Voids cause polarity inversions in GPR data….

The first time I read this sentence in a peer reviewed paper I thought that it was a useful tip to aid the interpretation and easy to apply practically. I didn’t think much at the time.

I then read similar sentences on other papers, on commercial websites, PhD thesis etc sometimes even less precise definitions (voids start with black reflections), but after a lot of surveys where cavities showed different responses despite similar conditions, I went deeper and looked for the cause of a polarity inversion. That sits in the reflection coefficient definition. A simplified definition is the following:

where ε1 is the dielectric of the material where the wave travels from (top material) and ε2 is the dielectric of the material the wave is travelling to (bottom material).

The reflection coefficient is a simple function of the dielectric contrast and it is negative (polarity inversion) when the numerator is negative, so when the wave travels from lower dielectric material to higher dielectric material. Air dielectric is 1 so always less than everything else. A polarity inversion can therefore occur when the wave travel from air to something and not from something to air. This is opposite to what I mentioned above and read many times.

But where does this statement come from then?

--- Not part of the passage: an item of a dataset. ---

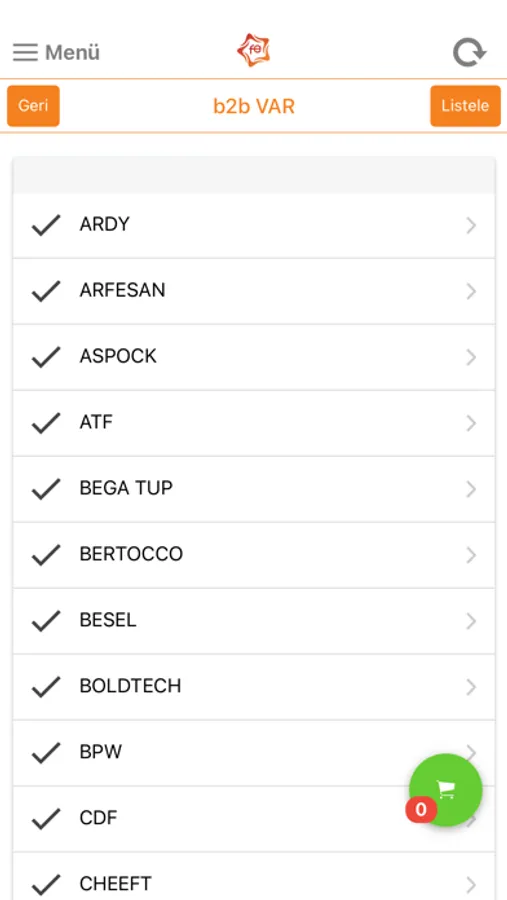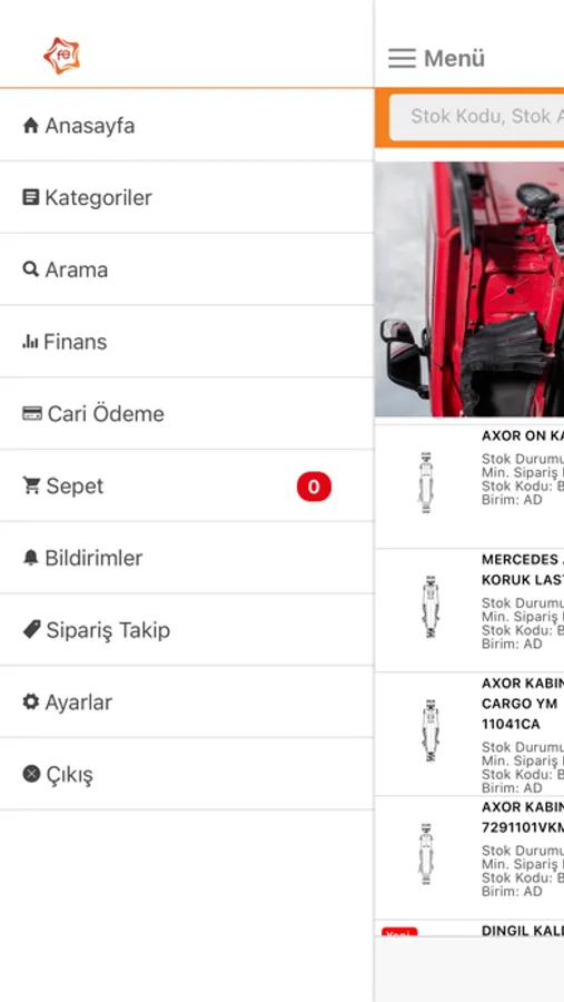 Femaas B2B Sisteminin Mobil Uygulaması.

I gave myself a few answers:

• The first one is that statement is a simple mention in papers that focused on other topics, likely copied nad pasted from somewhere else.
• The second one is that the formula has been reported in the wrong way with the numerator inverted as below because 2-1 is more intuitive than 1-2

• The third one is lack of careful looks at what the radargrams show and generalisation of specific occurrence in that context (i.e. voids start with black) to any context.
• The fourth one requires more considerations that can be explained with simple radargrams.

If we have a material with dielectric of 8 over a multi-dielectric material, we see what we expect from the formula (the right one): inversions occur when the wave travels from lower to higher dielectric (right-hand side on the radargram). What if we make the situation more realistic? It is much more difficult to visualise and assess the polarity and at first sight it looks that the inversion occurs on the left-hand side of the radargram where it shouldn’t as we have a prominent white band (instead of black one).

Looking at the A-Scans indicated by the dashed red and blue lines, we see that what happened is that all the three bands of the wavelets are still there, but the first has been attenuated so much that its amplitude is very close to zero and it now looks that the second one is the first.

Looking now at a real radargram collected on the side of a concrete beam, we see three layers of reinforcement (there is a fourth one, but it is in the shadow zone of the others) and the beam backface.

Reinforcing bar cause polarity inversions: the dielectric of metal is generally assumed to be infinite, so very large compared to everything else, although it actually has a strong dependence on the frequency and could be even negative as far as I know. For sure the dielectric of something conductive is an oxymoron.

The backface of the beam, which is an interface high to low dielectric, shouldn’t produce a polarity inversion, but it looks it does as the prominent first reflection looks negative (black).

The A-scan reveals that the first band is still there, just very attenuated, and the second one is more prominent: from there the statement that voids start with negative (or worse with black; the color scale means nothing if we don't specify what is negative and what is positive).

Each GPR antenna can be different: one can have a wavelet made of two bands, one of three, one of four, one can start with a negative pulse, one with positive, one may not record a direct wave because of the antenna structure….. Personally I think that interpretation of signal polarity (at least from visual inspection) is not so reliable unless you have crystal clear data. I saw this crystal-clear data from time to time but not as a rule. To note that the wavelength of the signal and the shape of the target can make the polarity a much more complex matter where the rule dictated by the formula above wouldn’t work so easily.

I’ve been asked the question “so if polarity is not so reliable for voids surveys what should we do?” Man, you should do what you always do when you applied a geophysical method: contextualise it.